Nyakurisation was also used to deprive Rwasa of the leadership of his National Liberation Forces (FNL), his guerrilla-turned-political party. After months of internal struggles in the FNL, Rwasa was expelled from the party in August 2013 and replaced as leader by Jacques Bigirimana, a partisan of an alliance with Nkurunziza, who ran this year as a token candidate. Earlier this year, Rwasa was also prohibited by the Interior Ministry to use the FNL symbols in his electoral campaign.
The latest political party broken by the Nyakurisation is the National Union for Progress (Uprona), the former Tutsi supremacist party which ruled the country from the independence to the 1990s. The Uprona had been part of the government until February 2014 when it decided to enter into opposition to protest against Nkurunziza's decision to run for a third term. Shortly thereafter, the legitimate leader of the party, Charles Nditije, seen his leadership being disputed by a concurrent, more favorable to the president.
After a legal battle, the pro-Nkurunziza concurrent of Nditije was recognized as the legitimate leader of the Uprona while the Nditije's faction (the largest one) lost the right to call itself the Uprona.
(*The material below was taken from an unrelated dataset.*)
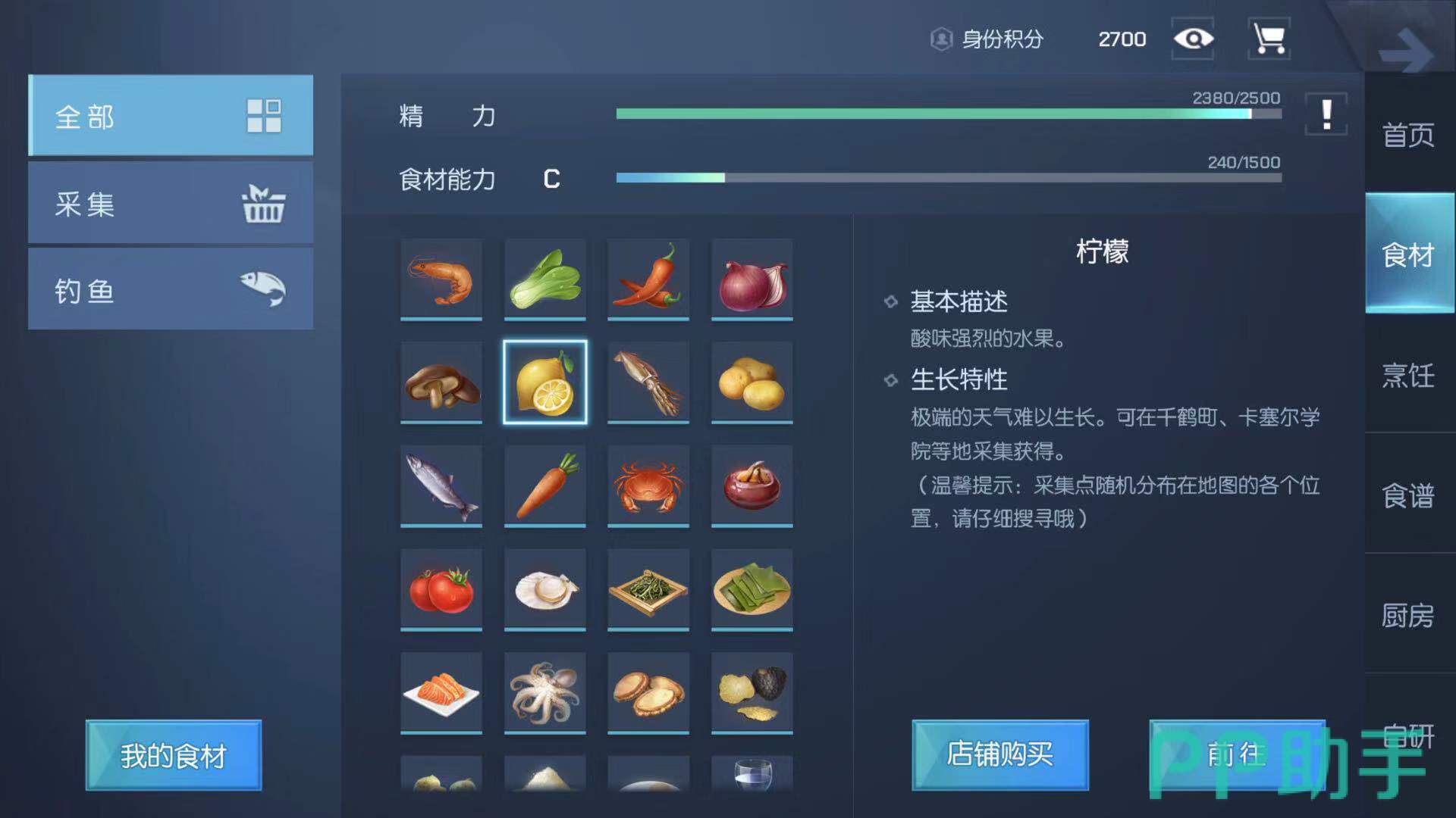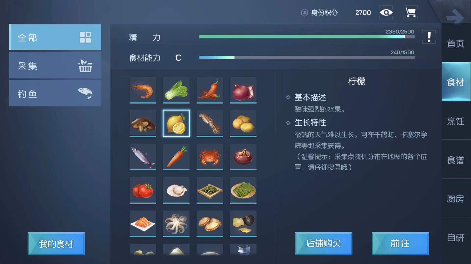 食材熟练度的提升:来到食材界面可以看到很多的食材,我们这里不管选择任何一种食材都会有点麻烦,因为食材的采集一般采集个5次左右就会消失,又要重新选择采集的地方,所以我们就选择一个柠檬吧。

The “legal” Uprona fielded a nobody as token candidate in this year's election while, in a bizarre twist of events, Nditije ended up supporting the candidacy of Rwasa, despite the latter's past as a Hutu extremist guerrilla leader. Ironically, in the mid-2000s, Nkurunziza's own Hutu guerrilla actively helped the Tutsi-dominated army in the military campaign the latter waged to eradicate Rwasa's FNL.
Beside personal rivalries, there is also a religious cleavage between Rwasa and Nkurunziza. The former, generally described as a religious fanatic nutcase, is a practicing Catholic who maintains close links with the Catholic Church (which has opposed Nkurunziza's third term). Meanwhile, Nkurunziza, also a religious fanatic nutcase, is an evangelical born-again.